*** Opening of SUPPLIED RECORDS ***

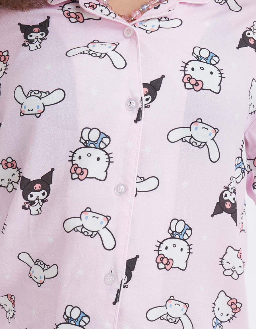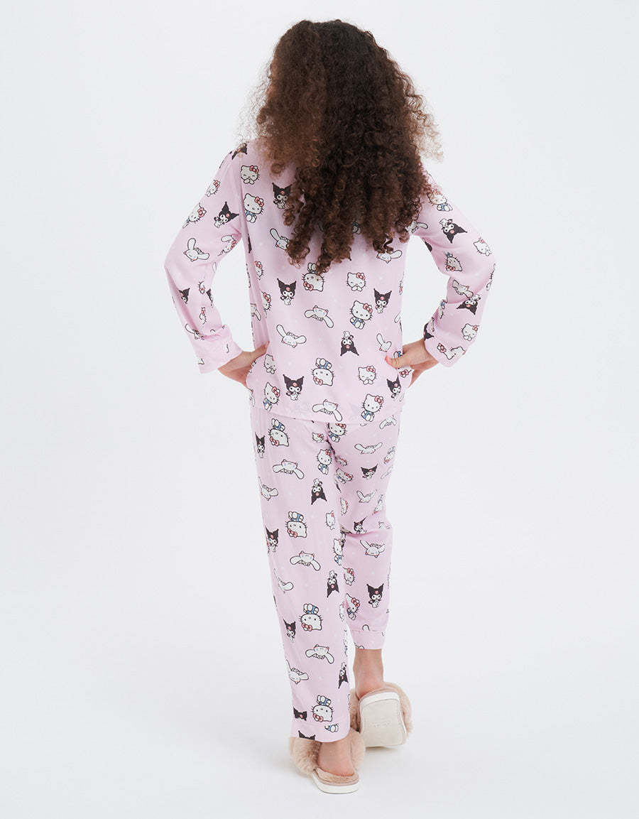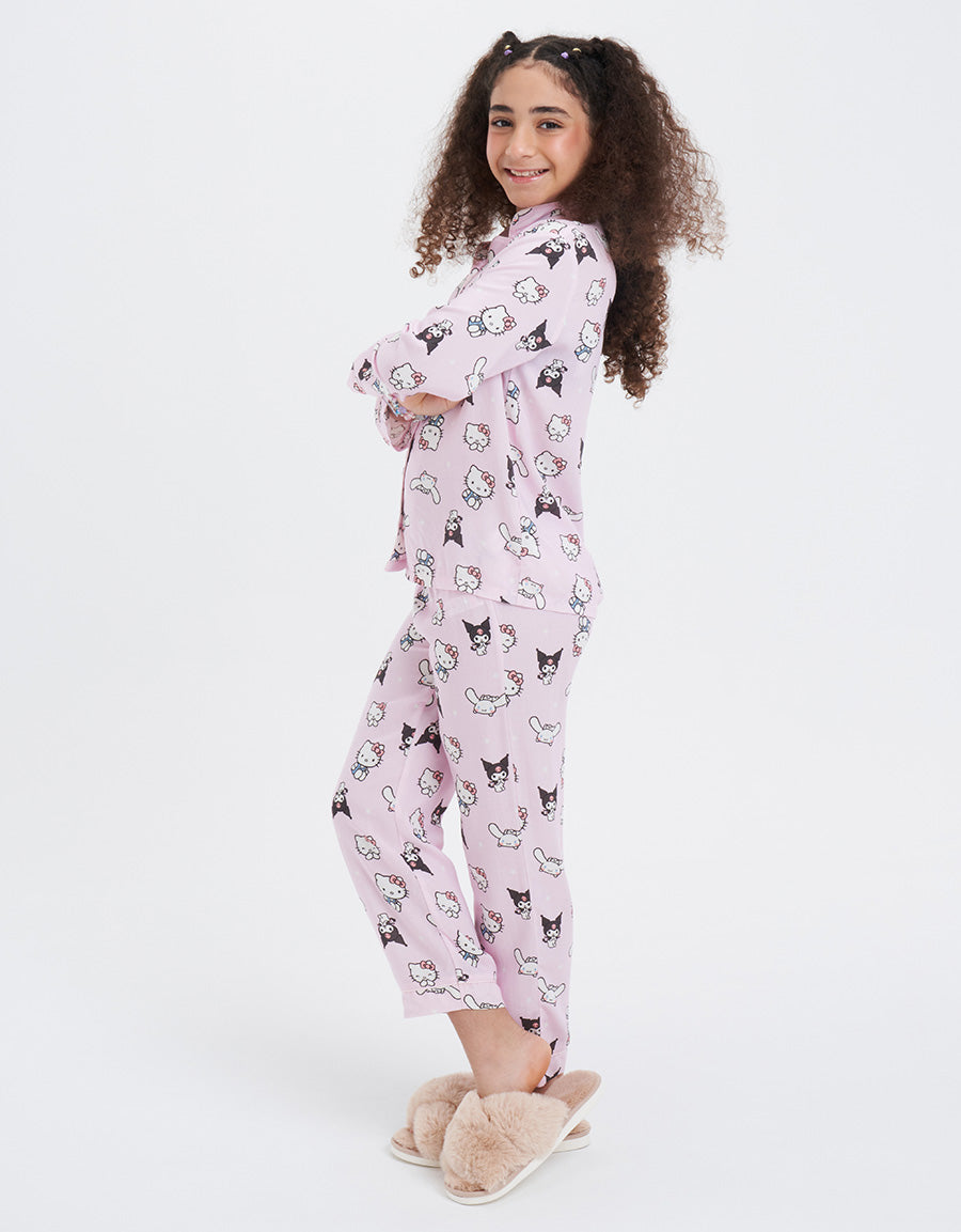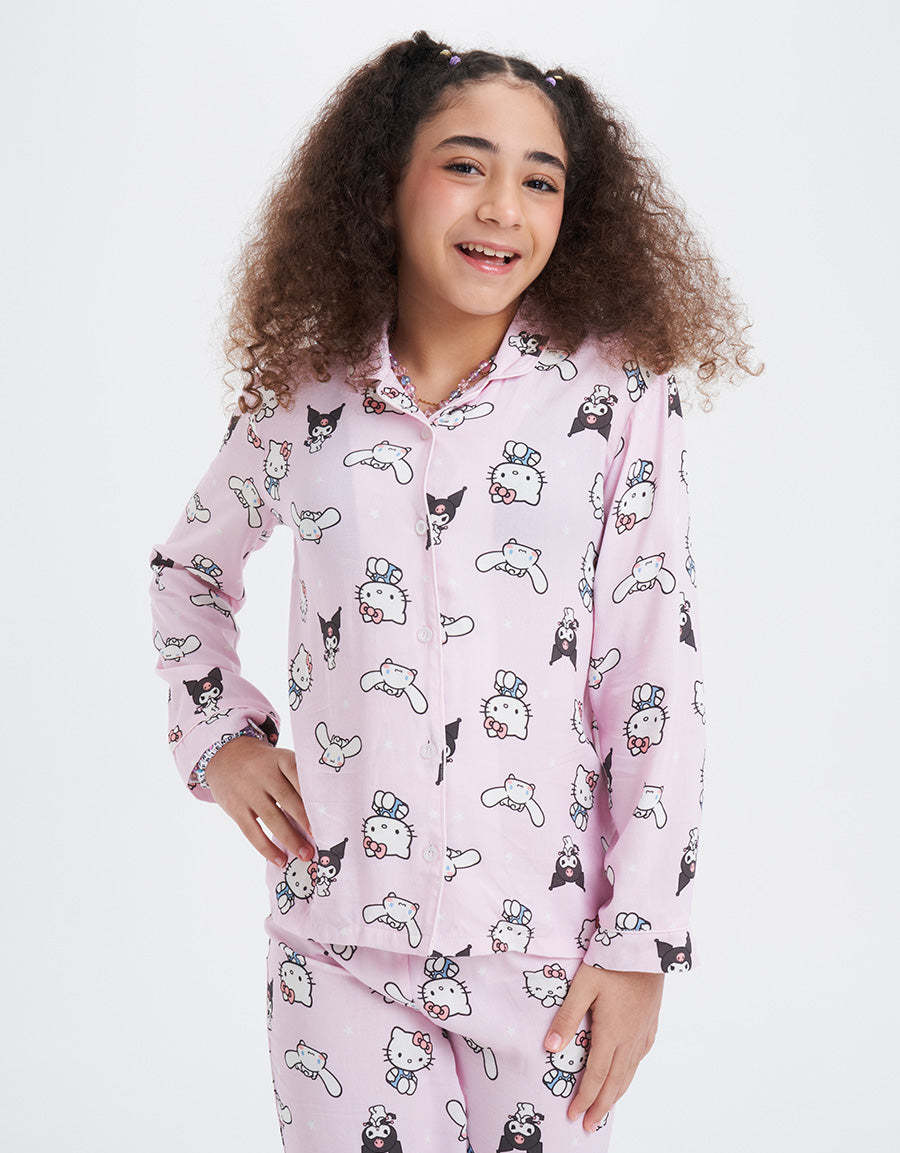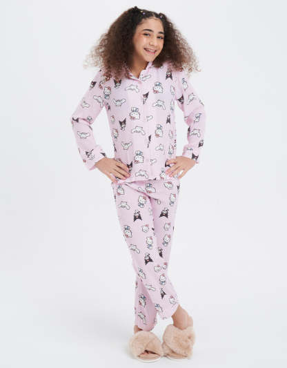 طقم البيجاما الكلاسيكي باللون الأخضر الفاتح، مصنوع من قماش الفيسكوز المسطح ويتميز بطباعة شخصيات، مما يجمع بين التصميم المرح والراحة الدافئة في طقمملابس النوم الخاصة بك.
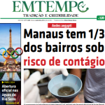 O jornal impresso Em Tempo do dia 26/07/2024 destaca: Manaus tem 1/3 dos bairros sob risco de contágio.
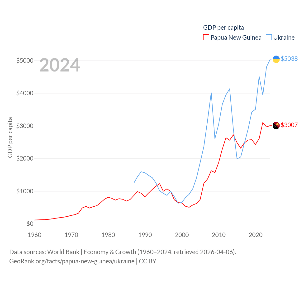 By GDP, Papua New Guinea ranks 110/197 ($31.8B) and Ukraine ranks 57/197 ($191B). By GDP per capita, Papua New Guinea ranks 140/197 ($3,007), while Ukraine ranks 120/197 ($5,038).
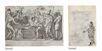 | Alexander ordering the books of Homer to be preserved (recto); Study of a triumphal procession with a subsidiary study of the fi | |
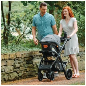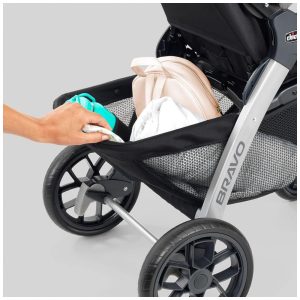 Cobertura UPF 50 com viseira de puxar e janela de malha peek a boo, rodas grandes com pneus com piso e uma grande cesta de zenamento com acesso frontal e traseiro e 2 bolsos do organizador.

*** Close of SUPPLIED RECORDS ***

■ YOUR GOAL:
What the records say must be written out exactly, with none of their pictures.

■ EXERCISE SOLUTION:
 طقم البيجاما الكلاسيكي باللون الأخضر الفاتح، مصنوع من قماش الفيسكوز المسطح ويتميز بطباعة شخصيات، مما يجمع بين التصميم المرح والراحة الدافئة في طقمملابس النوم الخاصة بك.
 O jornal impresso Em Tempo do dia 26/07/2024 destaca: Manaus tem 1/3 dos bairros sob risco de contágio.
 By GDP, Papua New Guinea ranks 110/197 ($31.8B) and Ukraine ranks 57/197 ($191B). By GDP per capita, Papua New Guinea ranks 140/197 ($3,007), while Ukraine ranks 120/197 ($5,038).
 | Alexander ordering the books of Homer to be preserved (recto); Study of a triumphal procession with a subsidiary study of the fi | |
 Cobertura UPF 50 com viseira de puxar e janela de malha peek a boo, rodas grandes com pneus com piso e uma grande cesta de zenamento com acesso frontal e traseiro e 2 bolsos do organizador.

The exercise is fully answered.